Kinesiology balance 6+


The next wave of balances were related specifically to histamines.

Did you know there are four types of histamines in the body? Whilst we do use histamine as a neurotransmitter for positive use around the body, our modern lifestyles trigger more histamine activations than the body can clear.

When the cells can’t clear the histamines efficiently, they linger around the cells or organs causing more and more sensitivity to inflammation. This can affect any organ and when generalised it is known as Mast Cell Activation Syndrome (MCAS). This can contribute to painful periods and disrupted women’s health, chronic headaches and migraines, digestive issues, and of course eczema and allergies. Shay has not had any cat-hair flare ups since these balances.
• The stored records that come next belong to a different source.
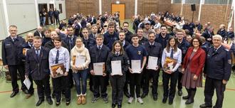Im Anschluss an die Ehrungen der verdienten Kameradinnen und Kameraden freute sich Bürgermeisterin Greis besonders, auch in diesem Jahr wieder zahlreiche junge Leute für den Wehrdienst verpflichten zu können. Ihnen wünschte sie ein gutes Ankommen in der Feuerwehrfamilie der Verbandsgemeinde sowie viel Erfolg und vor allem Freude und Erfüllung durch das Ehrenamt.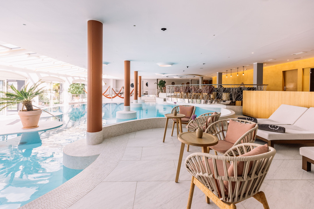 - Hallenbadbereich für Familien: mit bequemen Liegen, Daybeds und Hängematten, einem Loungebereich sowie diversen Dress on Saunen: Dampfbad, Infrarotkabine und Sanarium.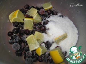Для ягодного топпинга: пробить блендером ягоды (у меня замороженная из домашних заготовок), кусочки лимона и сахар.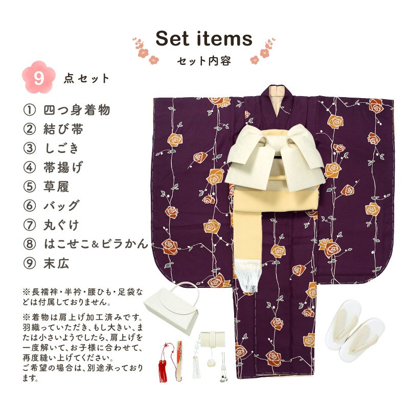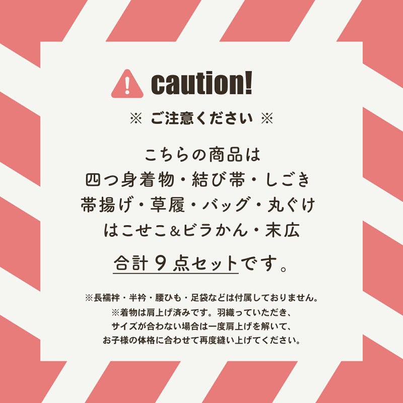 【商品内容】四つ身着物、結び帯、しごき、帯揚げ、草履、バッグ、丸ぐけ、はこせこ&ビラかん、末広の9点セット

This was a great step forward with less flare ups when in contact with allergens and the inflammatory foods. The flare ups weren’t as severe and took less time to clear. When there was a flare up, it calmed down within hours after a kinesiology balance, every time! Still to this day, Shay’s mum says that nothing helps better than the kinesiology balances.
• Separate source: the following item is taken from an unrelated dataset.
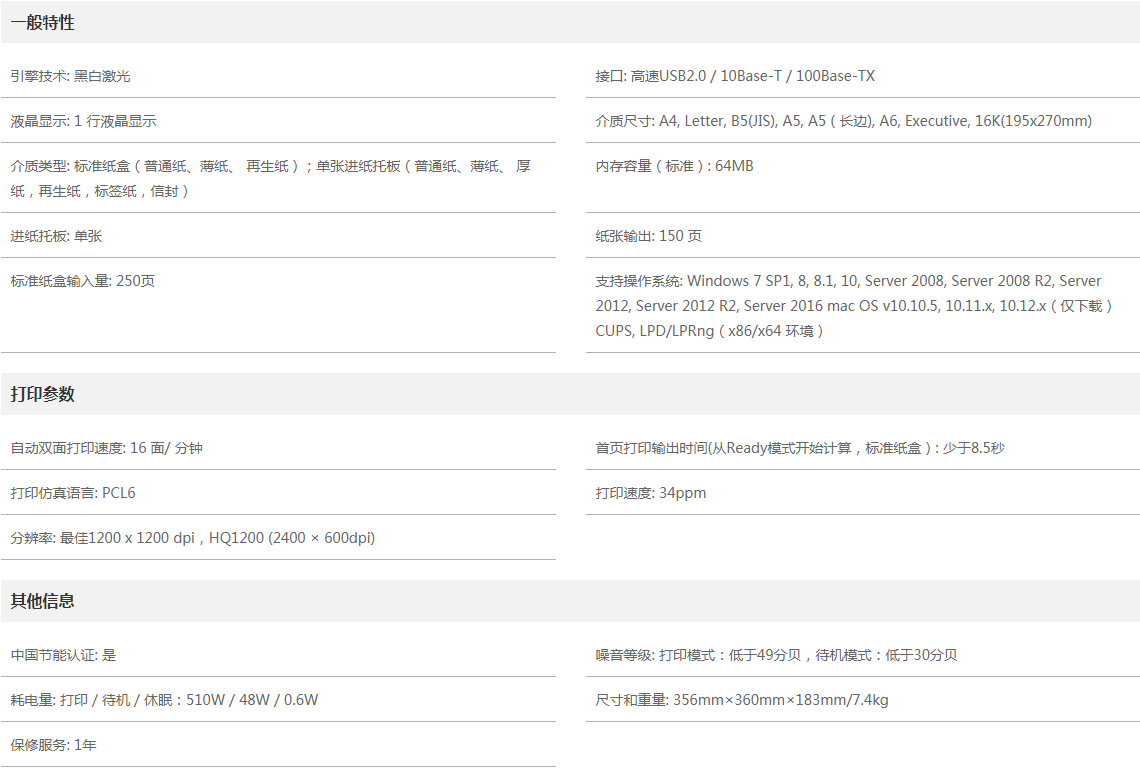 ● 高達34ppm的連續(xù)打印速度,能滿足您大印量的辦公需求。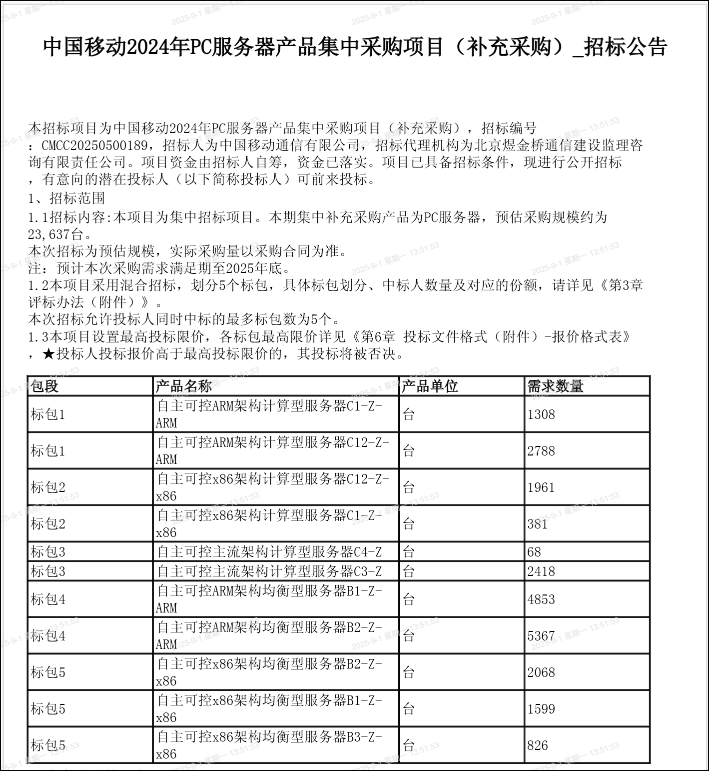 中国移动采购与招标网日前新增一则招标公告。其中显示在线炒股配资,中国移动已于8月30日启动2024年PC服务器产品集中采购项目(补充采购)。

Fungal and bacterial infections

A major contributor to skin flare ups is fungal and bacterial infections. The allergens cause massive inflammation, which weakens the skin membranes. Toxins—such as heavy metals or chemicals—come out through the skin increasing the inflammation and cause more strain on our immune system. The ongoing red and round welts, bubbling of skin, spots on the skin, dryness and cracking, and weeping of skin, often indicate either a fungal or bacterial infection. However, as the infections aren’t the actual cause of the problems, it is still very important to treat the internal functions. With treatments, flare ups became less, and it became obvious whether it was a fungal flare—often from too much sugar or too many potato chips—or bacterial flare usually from contact with dog hair (staph being the most common).

Treatment for infections

  • Herbs: including anti-histamine, mast-cell stabilising, liver support, kidney and lymphatic support, nervous-system and adrenal support, and antioxidants.
  • Probiotics: as the immune system matures into different immune cells at the gut lining, it is really important to stabilise any inflammation along the gut lining. There are specific strains of probiotics which have been clinically shown to reduce the tendency towards inflammation, eczema, and allergies.
  • Fish oils: Omega 3s help to stabilise and keep the cell membranes fluid and flexible, which is imperative when addressing inflammatory factors such as allergies, asthma, and eczema. A good-quality fish oil—high in DHA—is imperative.
  • Topical: We also applied anti-bacterial, anti-fungal, and anti-inflammatory topical ointments to flare ups.